From Table 1-2 and Table 4-6, we observe that the notion of equality or no preference (referred to as "=" in Table 7) occupies first position. This indicates that the listeners perceived the speech synthesized by different synthesizers as either equally good or equally bad. However, if we look at the choice of unit size, the results shown in Table 1-3, indicate that speech synthesized with syllable sized units is preferred over the speech synthesized with other choices of unit size. The results of Table 4 indicate that diphone performs better than phone while the results of Table 5-6 indicate that half phone performs better than phone and diphone. Table 7 summarizes the results of AB-test in terms of percentages (number of times a unit is favored / total utterances * 100).
It should be noted that the syllables as well as diphones in test sentences were covered by the speech database, though this will not be true in general. However, the prompt-list used for building the speech database was derived from a text corpus which covered a wide range of subjects including literature, dialog, novels, philosophy and short stories, while the 24 sentences used for testing were from a news bulletin describing the global events in the middle of March 2003. The context in which test sentences were derived was not related to the prompt-list used to generate the speech database.
Larger units such as syllables might assimilate prosodic and acoustic information better and have less discontinuities in synthesized speech, resulting in better performance over other units. Units such as diphones have performed better than phone as they preserve the phone-to-phone transitions. However the small differences are due to the joinings moved within the previous units even in the case of phones as a method of optimal coupling.
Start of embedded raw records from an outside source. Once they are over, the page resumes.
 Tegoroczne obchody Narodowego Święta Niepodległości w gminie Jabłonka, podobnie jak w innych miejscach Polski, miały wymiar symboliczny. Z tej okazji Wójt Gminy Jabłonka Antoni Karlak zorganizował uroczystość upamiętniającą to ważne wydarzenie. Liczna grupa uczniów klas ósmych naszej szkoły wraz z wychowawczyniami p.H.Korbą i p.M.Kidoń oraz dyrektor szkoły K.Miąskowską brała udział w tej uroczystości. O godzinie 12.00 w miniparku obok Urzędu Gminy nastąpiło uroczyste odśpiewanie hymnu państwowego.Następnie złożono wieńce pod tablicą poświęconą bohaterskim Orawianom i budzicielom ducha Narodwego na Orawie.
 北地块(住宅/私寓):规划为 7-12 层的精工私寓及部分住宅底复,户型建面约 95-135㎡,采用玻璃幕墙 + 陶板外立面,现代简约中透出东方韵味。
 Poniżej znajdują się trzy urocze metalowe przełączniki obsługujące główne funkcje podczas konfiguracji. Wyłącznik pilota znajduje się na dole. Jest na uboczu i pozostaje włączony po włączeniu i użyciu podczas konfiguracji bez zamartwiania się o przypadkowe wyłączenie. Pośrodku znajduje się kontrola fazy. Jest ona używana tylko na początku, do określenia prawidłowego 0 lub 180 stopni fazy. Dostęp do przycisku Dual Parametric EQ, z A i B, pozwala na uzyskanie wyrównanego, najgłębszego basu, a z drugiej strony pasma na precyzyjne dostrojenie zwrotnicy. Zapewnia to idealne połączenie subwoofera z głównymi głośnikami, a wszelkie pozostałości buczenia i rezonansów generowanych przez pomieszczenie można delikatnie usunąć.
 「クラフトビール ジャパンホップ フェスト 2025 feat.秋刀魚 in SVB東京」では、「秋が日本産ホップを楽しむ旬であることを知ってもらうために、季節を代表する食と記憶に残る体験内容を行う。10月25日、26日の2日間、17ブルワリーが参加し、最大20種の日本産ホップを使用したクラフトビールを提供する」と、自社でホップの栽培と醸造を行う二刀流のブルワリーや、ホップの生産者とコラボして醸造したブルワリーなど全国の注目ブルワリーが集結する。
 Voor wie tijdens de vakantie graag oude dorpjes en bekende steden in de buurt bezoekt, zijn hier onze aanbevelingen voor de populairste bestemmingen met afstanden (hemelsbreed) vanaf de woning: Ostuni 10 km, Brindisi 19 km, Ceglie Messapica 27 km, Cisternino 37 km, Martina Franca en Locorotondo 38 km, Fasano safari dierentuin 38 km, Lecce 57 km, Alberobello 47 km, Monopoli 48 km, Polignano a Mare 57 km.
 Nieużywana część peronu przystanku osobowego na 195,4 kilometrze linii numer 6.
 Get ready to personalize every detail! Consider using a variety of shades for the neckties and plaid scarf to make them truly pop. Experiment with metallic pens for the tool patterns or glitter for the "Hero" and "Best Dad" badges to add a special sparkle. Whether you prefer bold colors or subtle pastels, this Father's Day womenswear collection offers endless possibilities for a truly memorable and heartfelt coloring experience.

The smaller units such as half phones involve more number of joinings and could lead to the impression that it produces more discontinuous speech. The results of Table 5-6 indicate that the half phone synthesizers perform better than diphone and phone synthesizers. To join two consecutive units we use optimal coupling [9]. The better performance of half phones could be attributed to its vast coverage and hence the chance of finding an optimal sub segment with required acoustic features would be more.
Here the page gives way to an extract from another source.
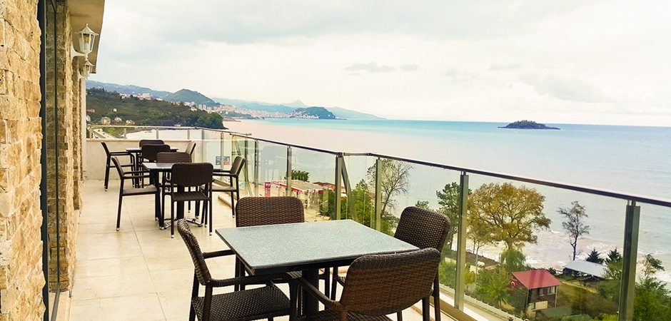Aretias Hotel, Karadeniz'in mavi sularına karşı konumlanmıştır.
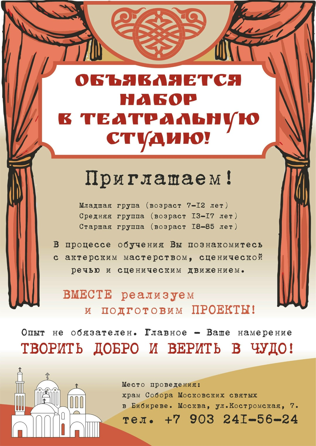 Объявляется набор в театральную студию при храме Собора Московских Святых в Бибиреве.

The choice of larger unit such as syllable seems to be appropriate choice for syllabic languages such as Hindi and seems to be a better representation for the Indian language scripts. But larger the unit the lesser would be the coverage, which has to be dealt with. Given an arbitrary text, we found that the syllable coverage by this Hindi database was around 84% and the diphone coverage was 88%. With a more careful selection of the prompt-list we believe that it is possible to cover most of the frequently occurring syllables in Hindi, but some back-off method is required too.